--- Information provided Enclosed Below ---

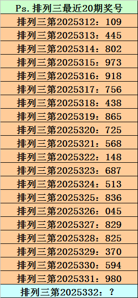 第2025331期排列三奖号为980,历史上该号码直选出现5次,下期奖号分别为:402、962、525、746。
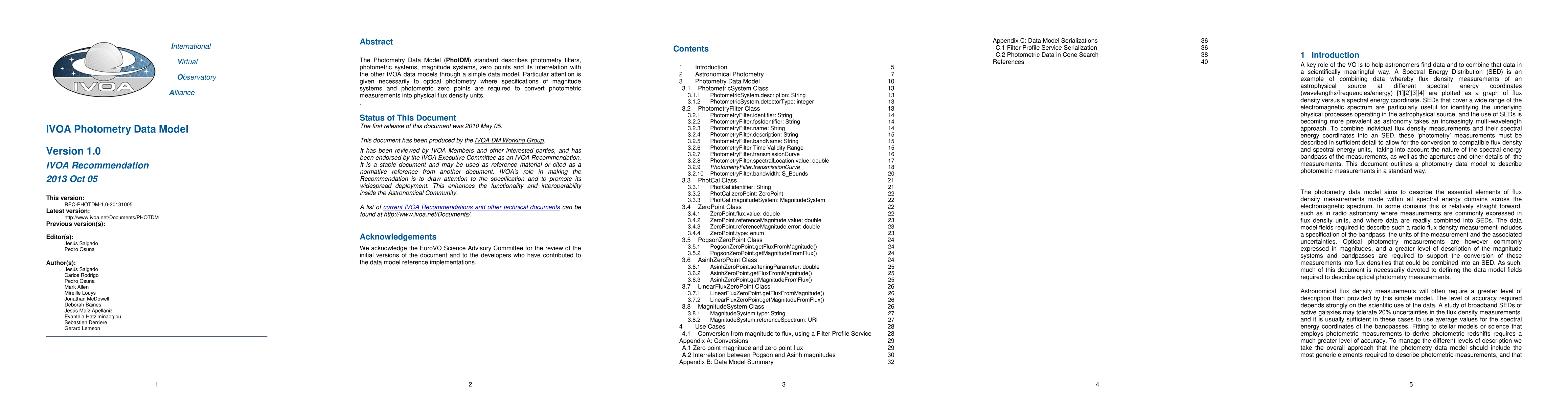 The IVOA Photometry Data Model (PhotDM) standard outlines the structure for describing photometry filters, systems, magnitudes, and zero points, emphasizing the conversion of optical photometry measurements into physical flux density units. It integrates seamlessly with other IVOA data models to ensure consistent data representation.
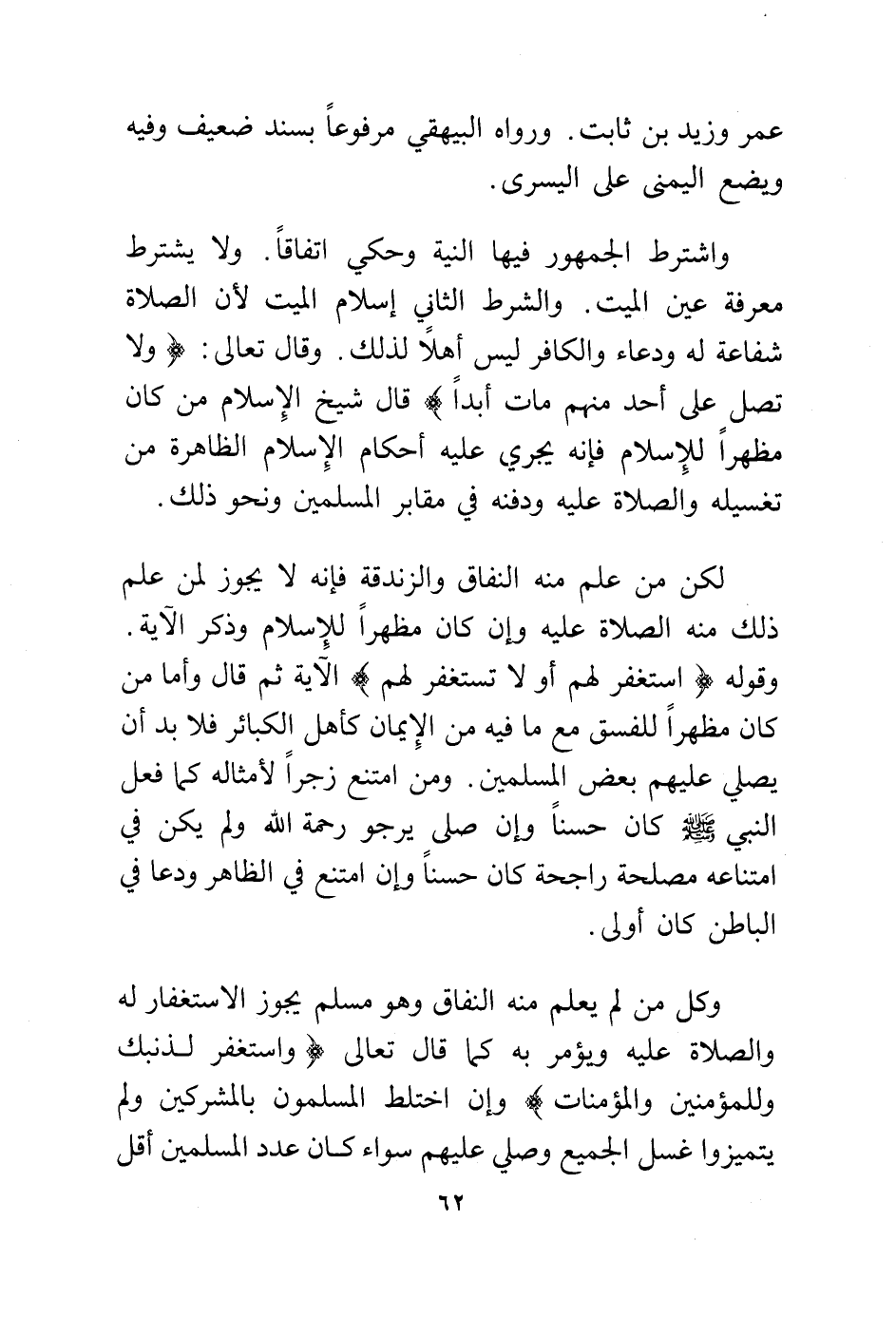 واشترط الجمهور فيها النية وحكي اتفاقا. ولا يشترط معرفة عين الميت. والشرط الثاني إسلام الميت لأن الصلاة شفاعة له ودعاء والكافر ليس أهلاً لذلك. وقال تعالى: {وَلَا تُصَلِّ عَلَى أَحَدٍ مِنْهُمْ مَاتَ أَبَدًا} قال شيخ الإسلام من كان مظهرًا للإسلام فإنه يجري عليه أحكام الإسلام الظاهرة من تغسيله والصلاة عليه ودفنه في مقابر المسلمين ونحو ذلك.

--- End of Enclosed Information provided ---

Exclude images. Return the data above verbatim.

Output for this exercise:
 第2025331期排列三奖号为980,历史上该号码直选出现5次,下期奖号分别为:402、962、525、746。
 The IVOA Photometry Data Model (PhotDM) standard outlines the structure for describing photometry filters, systems, magnitudes, and zero points, emphasizing the conversion of optical photometry measurements into physical flux density units. It integrates seamlessly with other IVOA data models to ensure consistent data representation.
 واشترط الجمهور فيها النية وحكي اتفاقا. ولا يشترط معرفة عين الميت. والشرط الثاني إسلام الميت لأن الصلاة شفاعة له ودعاء والكافر ليس أهلاً لذلك. وقال تعالى: {وَلَا تُصَلِّ عَلَى أَحَدٍ مِنْهُمْ مَاتَ أَبَدًا} قال شيخ الإسلام من كان مظهرًا للإسلام فإنه يجري عليه أحكام الإسلام الظاهرة من تغسيله والصلاة عليه ودفنه في مقابر المسلمين ونحو ذلك.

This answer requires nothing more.